AI & An Airline Startup - Part Two
Entrepreneur Bob Branston is using artificial intelligence to launch Vestal Atlantic – find out how Bob & his team prepare the airline for launch
Yesterday we met Bob Branston, an imaginary entrepreneur building an airline in Canada called Vestal Atlantic.
We found out how Bob thinks that his success against incumbents Air Transat and startup jetlines, Lynx, and Flair will depend upon delighting consumers at every stage of the passenger journey. Bob reckons that using machine learning and artificial intelligence to design the airline’s commercial products will allow him to compete successfully.
His goal is simple - to earn as much revenue as possible from four aircraft serving three airports over two years. He has built his team and is ready to proceed. What does Bob do next? Read on to find out…
(Click here for the original article)
Step 4: Bob defines a data strategy
With the passenger journey clearly understood, the people on Bob’s team considering digital media, consumer analytics, commercial management and data science set out a data strategy. This had to consider every step of the passenger journey and imagine what types of data can make the people buying Bob’s tickets happy at every stage.
Some of the data that Bob uses will also be used by jetlines and Air Transat – information like how many people travel between cities historically and how much they pay for tickets. Other data, like social media and lifestyle chatter, credit card spend and mobile phone movements (see article), traveller interest, income and demographics, plus digital assistants are much more innovative.

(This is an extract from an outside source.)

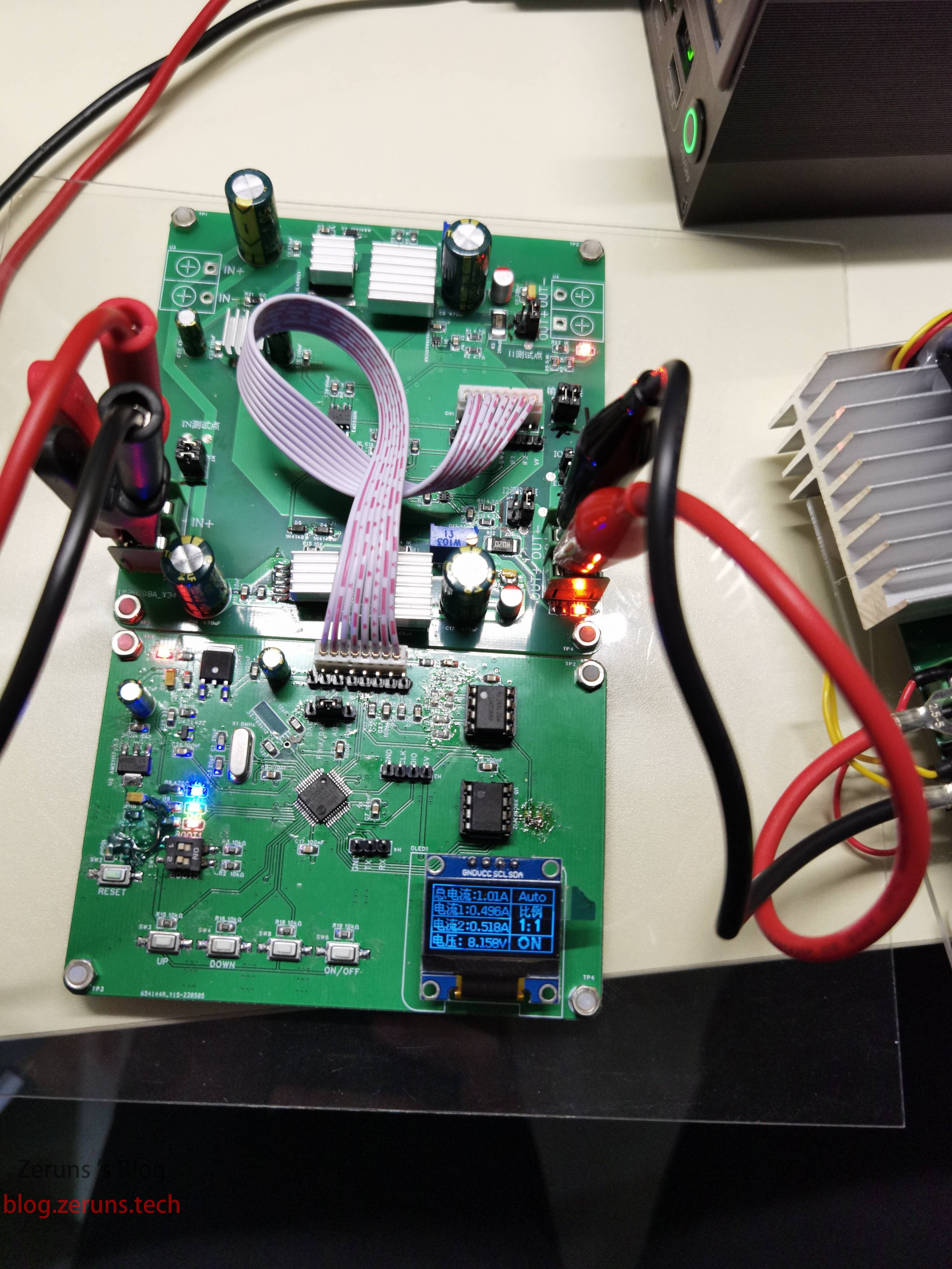 This entry uses the master–slave current-sharing method and consists of a constant-current source (slave), constant-voltage source (master), MCU control board, auxiliary power supply, etc. XL4015 is employed in both modules for buck step-down; Hezhou AIR32F103CCT6 MCU is the control core, and INA199 current-sense amplifier provides 50× gain for current sampling. The two sensed signals are summed in a non-inverting adder; the adder output is divided by fixed resistors and a digital potentiometer, then fed through a voltage follower and LM358 comparator back to the FB pin of the XL4015 in the slave module (constant-current source) to control its current and realise current allocation.

Step 5: Bob designs a neural network
At this stage Bob starts taking decisions about which commercial models Vestal Atlantic should use.

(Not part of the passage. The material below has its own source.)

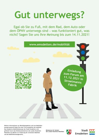 Ob zu Fuß, mit dem Rad, dem Bus, der Bahn oder dem Pkw - die Stadt Emsdetten hatte alle Verkehrsteilnehmerinnen und Verkehrsteilnehmer herzlich eingeladen, über einen Zeitraum von sechs Wochen digital am Mobilitätskonzept der Stadt mitzuwirken. Interessierte konnten ihre Ideen und Vorschläge für eine bessere und nachhaltige Mobilität mitteilen sowie auf Verbesserungsmöglichkeiten hinweisen.
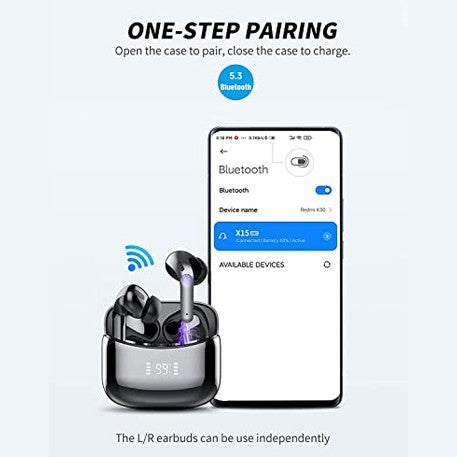 Tiksounds - Wireless Earbuds with Microphone, IPX7 Waterproof, 35H Playtime, LED Display

Instead of a traditional seat-sale model they might use subscriptions (see article) or offer flights for free while earning commission on other travel products (see article).

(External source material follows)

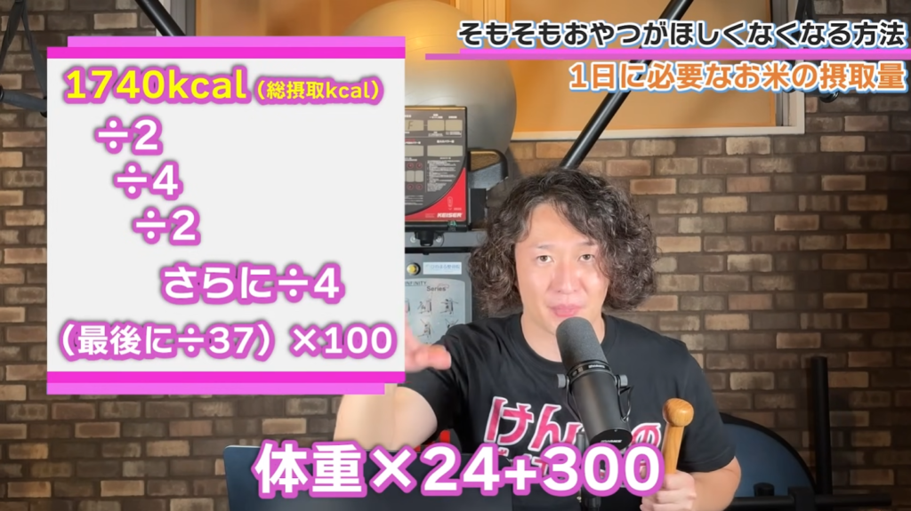 【お米の適正量・計算式】 (目標摂取カロリー ÷ 2 ÷ 4 ÷ 3.7) × 100

Bob needs to decide where to offer premium economy (see this article and this article), lounges (see article) and how to price cabin upgrades (see this article and this article).
The data strategy should help Bob make his decision about the right commercial models for Vestal Atlantic. To conduct the necessary analysis, Bob’s team build a type of model called a neural network, which seeks to learn about the relationships between different sources that humans on their own cannot see to think through a solution to a problem. Like people, ‘but’ faster, smarter, and now, not later.
The fundamental question that Bob’s neural network has to answer is simple – given everything that Vestal Atlantic’s team knows about spend, interest, travel habits, location and disposable income, how likely is it that specific consumer groups will consider travelling with Vestal Atlantic at different price points?
Machine learning tools like Bob’s use deep learning – that means multiple layers of analysis combining links between different variables simultaneously. The deep learning process is not run in isolation – it needs to be trained using rules that show the machine how to use, process and pass on information.
Step 6: Bob crunches the numbers to make predictions
Vestal Atlantic’s neural network model is now up and running, giving streaming insights and predictions about consumer buying behaviour in real time.
Traditional airline processes have fares set on the basis of demand to come (see this article and this article) for a flight that has been scheduled independently of the demand forecasting process. Dynamic pricing (see this article and this article) does not correct this fundamental disjoint in the network planning process.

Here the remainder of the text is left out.